The academic research interests are focused on polymeric materials and related processing technologies for advanced biomedical and energy applications. Specific research activities and know-how include: (i) the study of structure-property relationships in natural and synthetic polymers, copolymers and polymer blends to design new materials with physical properties aimed to specific applications; (ii) molecular, structural, morphological, and thermo-mechanical characterization of macromolecular systems; (iii) surface functionalization and surface characterization of polymeric materials mainly pointing at biomedical applications; (iv) use of the electrospinning technology to produce innovative nanostructures with a focus on the interaction between cold atmospheric pressure non-equilibrium plasmas and the electrospinning process.

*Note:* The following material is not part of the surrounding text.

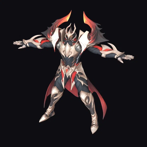 This stylized armored winged sentinel is captured in a dynamic pose, arms outstretched and wings spread wide, conveying a sense of readiness and guardianship. The armor is intricately designed with a mix of silver and black tones, highlighted by striking red accents that suggest a fiery essence. The sentinel’s face is shielded, adding to its mysterious and formidable appearance. The model is highly detailed, with clear definition of the armor’s texture and the wings’ feather-like structures. Ideal for use in game development, animation projects, or as a striking design element, this model brings a touch of fantasy and strength to any creative endeavor.
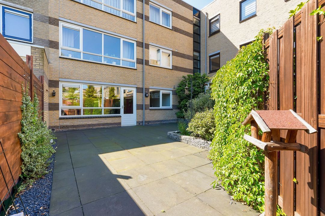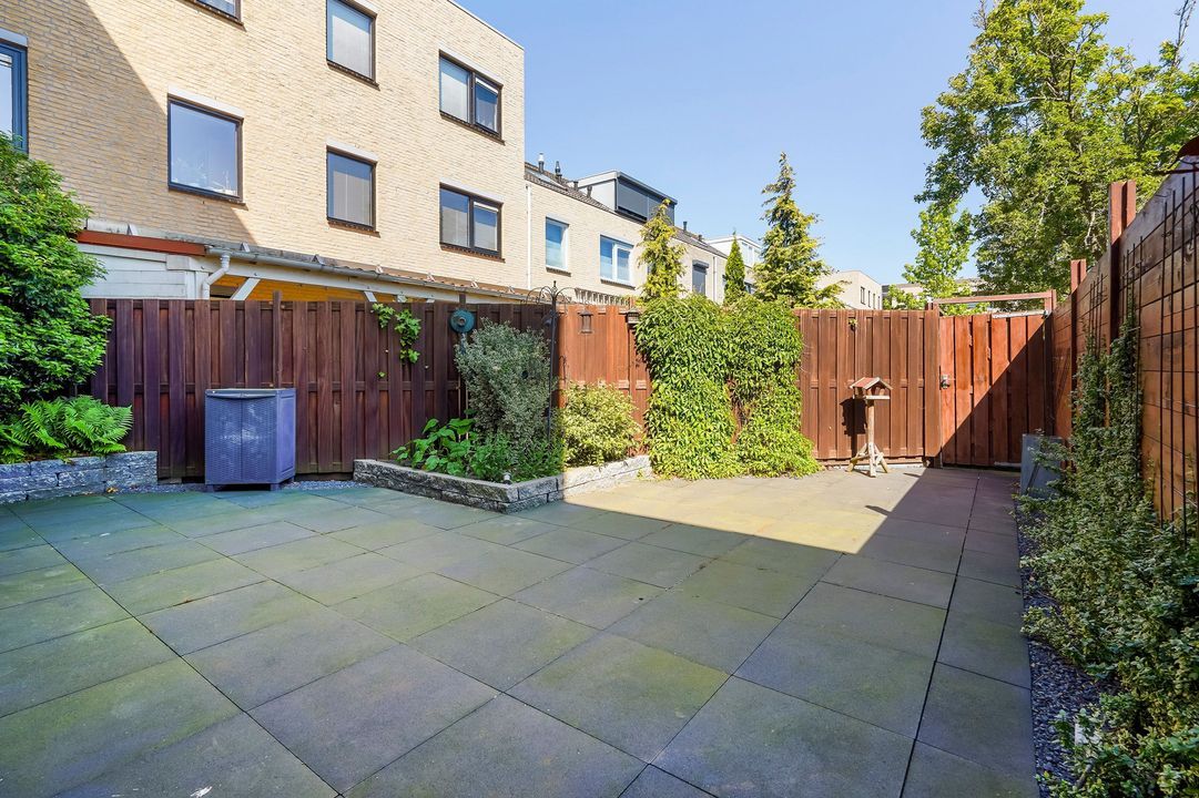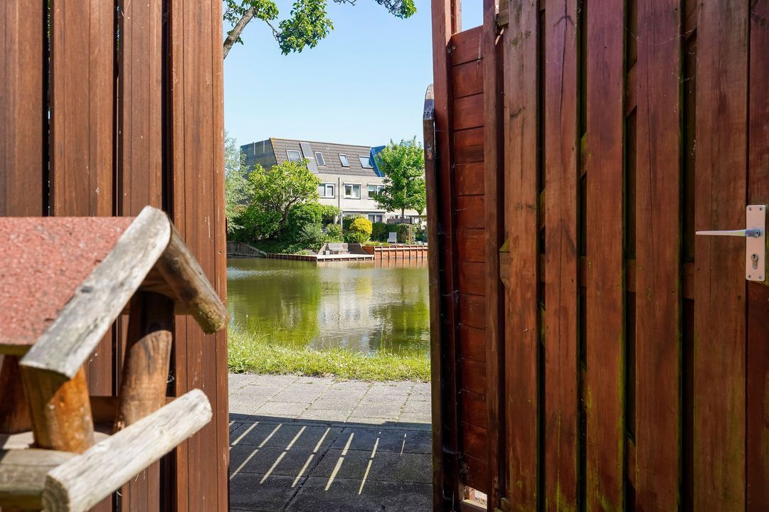 De zonnige voortuin op het zuiden is fraai aangelegd en beschikt over een terras, een ruime berging en een groen uitzicht op de boomkruinen. De voortuin meet circa 50 m² en het terras bijna 8 m², en is bereikbaar via een eigen afgesloten ingang. Aan de achterzijde bevindt zich een achtertuin van circa 32 m² met achterom, die toegang biedt tot de aangrenzende waterpartij. Tevens is er via de buitenzijde van het complex nog een extra afgesloten berging aanwezig.

The study of polymer structure-properties relationships is a
fundamental aspect in the design of new materials with physical
properties aimed to specific applications.
A research line of great interest regards the use of
bio-resorbable polymers, both commercial and 'ad-hoc'
synthesized, in order to obtain degradable temporary
scaffolds for cell growth. Scaffold
functionality can be improved through the addition and/or
modification with bioactive molecules. Such research line is among
the interest of research.
Another research line regards design of the
electrospinning process of polymeric solutions in
controlled conditions. Electrospinning technology allows
the production of nanofibrous mats from solutions of different
polymers. The accurate control of experimental parameters allows to
obtain polymer fibers with diameters ranging from nano-to
micrometers with optimized morphology. The obtained materials
may find applications in the filtration sector and in the tissue
engineering field. As regards the latter, electrospinning
technology is attacting increasing attention because artificial
scaffolds made of nanofibers are believed to be an ideal support
for cell growth. In fact, they provide a biomimetic environment,
dimensional similar to that of the extracellular matrix which is
present in the biological tissues. Other research lines
regard: (1) Functional materials - For energy
storage: research is focused on the development of gelled
electrospun membranes for safe, high-rate and high-energy polymeric
lithium-ion batteries; - For water treatment:
research is carried on within the EU-project NEFELE (Nano-
Electrospun Filter for Efficient Liberation & Encapsulation of
acticides for water treatment in transportation applications).
(2) Structural nanofibre-reinforced polymeric
composites: research is focused on the development of
high-performance engineered composite materials.